Он похлопал меня по спине и крепко поцеловал в щеку. Мать встала и начала мыть посуду. Я остался сидеть за столом, наблюдая, как отец прячет свои сильные руки в рукава пальто и вновь исчезает за дверью.
В тот вечер, когда мать, уложив меня в постель, смотрела внизу телевизор, я прокрался в ее комнату и накрасил губы ее помадой. Даже в темноте я разглядел, что ничего особенно обворожительного не вышло — больше всего я был похож на клоуна. Но все-таки я выглядел по-новому. Я нарумянил щеки и нарисовал черные брови поверх собственных бесцветных.
Потом я на цыпочках проскользнул в ванную. Снизу доносились мелодичный смех и переливы негромкой музыки. Я поставил табурет на то место, где, бреясь по утрам, всегда стоял отец, залез на него и заглянул в зеркало. Мои крашеные губы были огромными и бесформенными, румяна лежали неровно. Я не был красавцем, но мне казалось, что при определенных условиях я могу им стать. Нужно только следить за своими поступками и мыслями. Осторожно, так, чтобы не скрипнули несмазанные петли, я открыл дверцу подвесной аптечки и вытащил папин баллончик с «Барбазолом». Я точно знал, что делать: энергичным, нетерпеливым движением баллончик следовало встряхнуть, затем напрыскать на левую ладонь воздушную горку белоснежной пены и, наконец, с беспечной щедростью нанести ее на подбородок и шею. Накладывание косметики требует собранности минера; бритье — торопливое действие, лишенное всякой тщательности. После него на коже остаются багровые точки запекшейся крови, а в раковине — жалкие комки слипшихся волосков, безжизненных, как лоскутки змеиной кожи.

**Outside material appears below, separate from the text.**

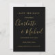 Featuring signature style names, this elegant black and gold save the date card can be personalized with your special wedding day information in chic gold typography. Designed by Thisisnotme©

Намылив подбородок, я долго смотрелся в зеркало. Мои подведенные глаза темнели, как пауки, над застывшими волнами снежной пены. Я не был похож ни на женщину, ни на мужчину. Я был чем-то еще, чем-то особенным. В тот момент я понял, что есть много способов стать красивым.

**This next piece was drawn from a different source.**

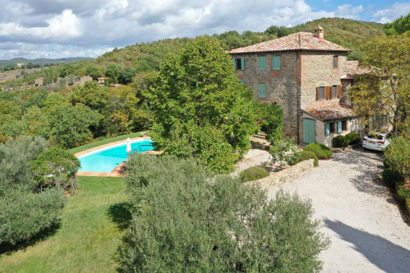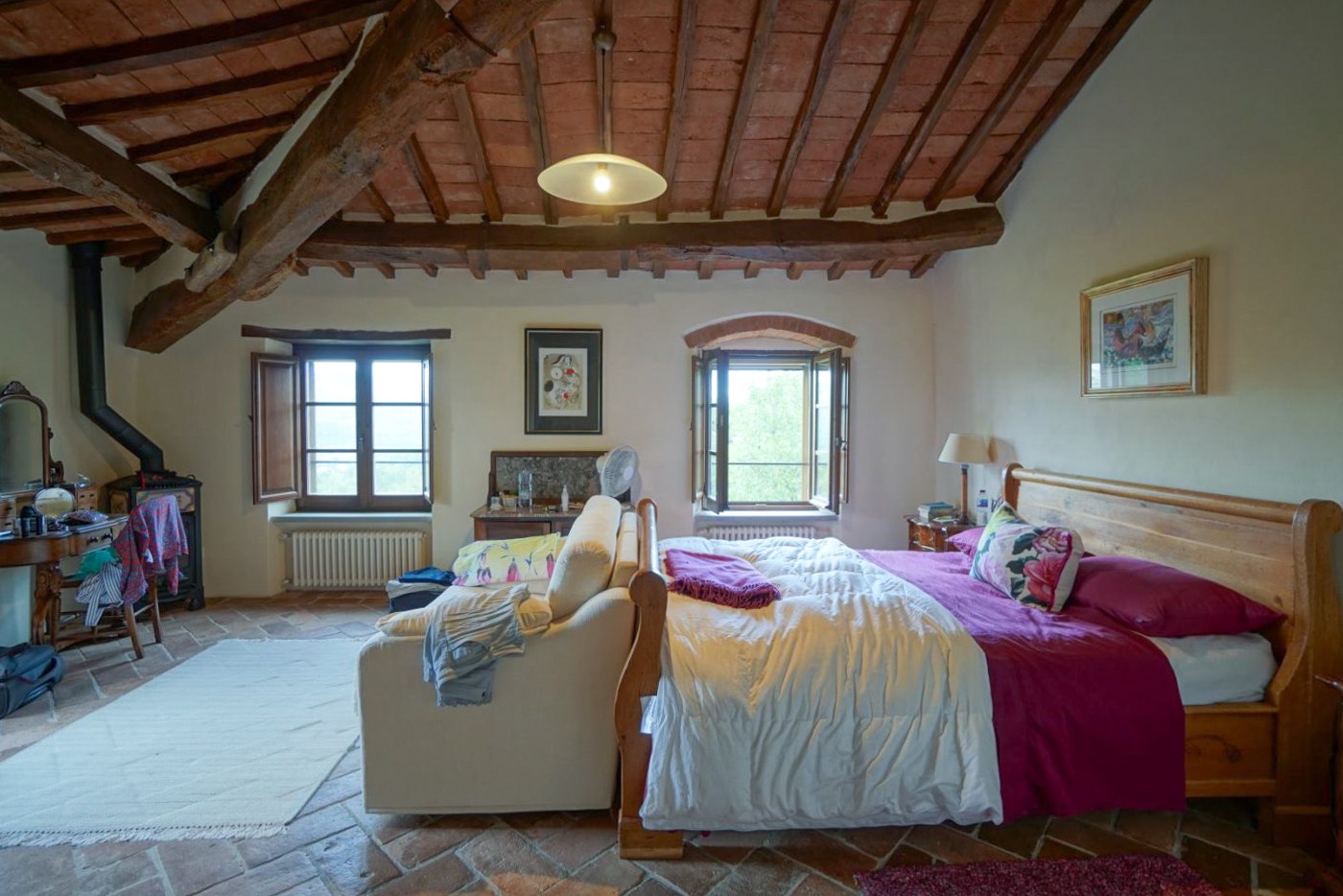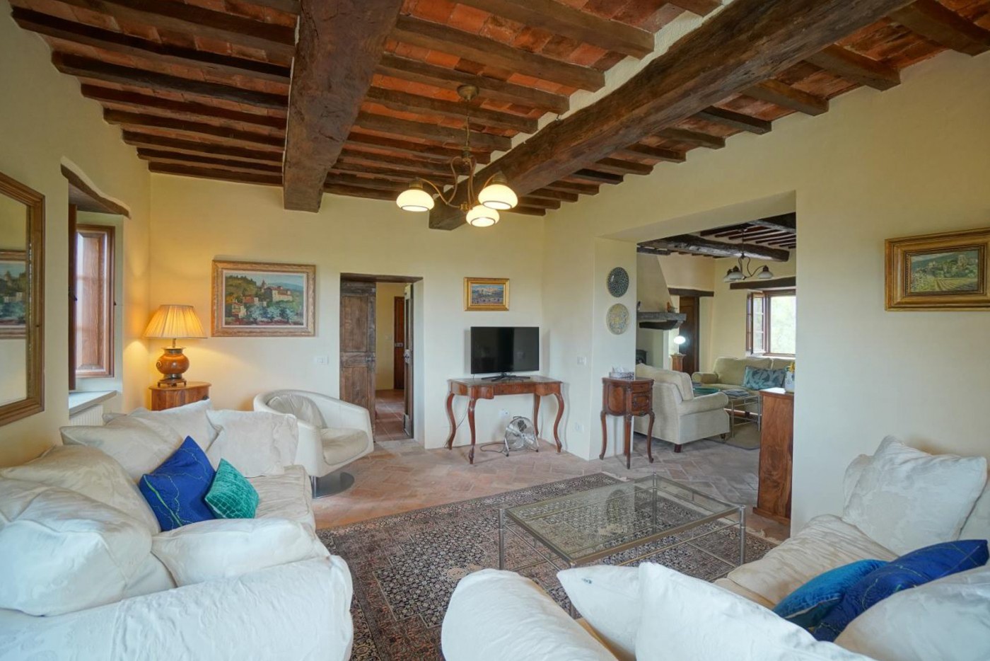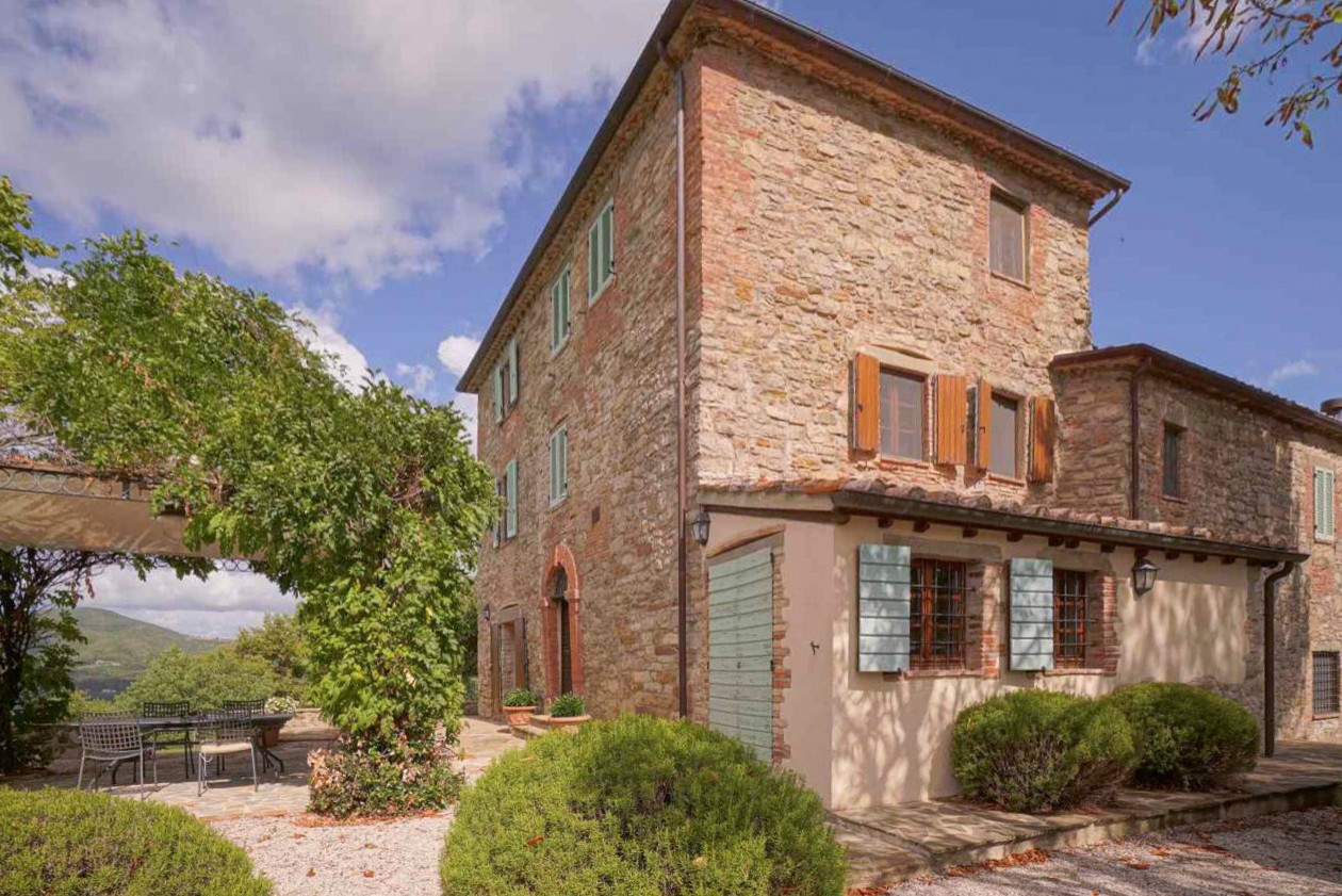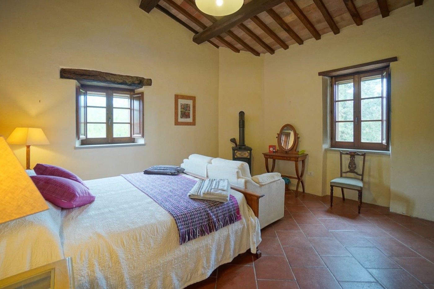 Vanuit de eetkamer is er toegang tot de achtertuin, waar een gebogen zwembad een prachtig panoramisch uitzicht biedt over de Niccone-vallei. De tegels rond het zwembad zijn vernieuwd en vergroot, waardoor er meer ruimte is om te ontspannen.

Мамин живот все рос и рос. Во время одного из наших походов по магазинам я потребовал и получил пластмассовую куклу с ярко-алыми губами и васильковыми глазами, захлопывающимися — миниатюрные веки-ставенки издавали при этом характерный клацающий звук, — когда куклу переворачивали на спину. Подозреваю, что покупка куклы не была случайностью. Вероятно, родители рассчитывали таким образом помочь мне справиться с комплексом обделенности. Мать научила меня пеленать и купать куклу в кухонной раковине. Даже отец проявлял интерес к здоровью моего игрушечного ребенка.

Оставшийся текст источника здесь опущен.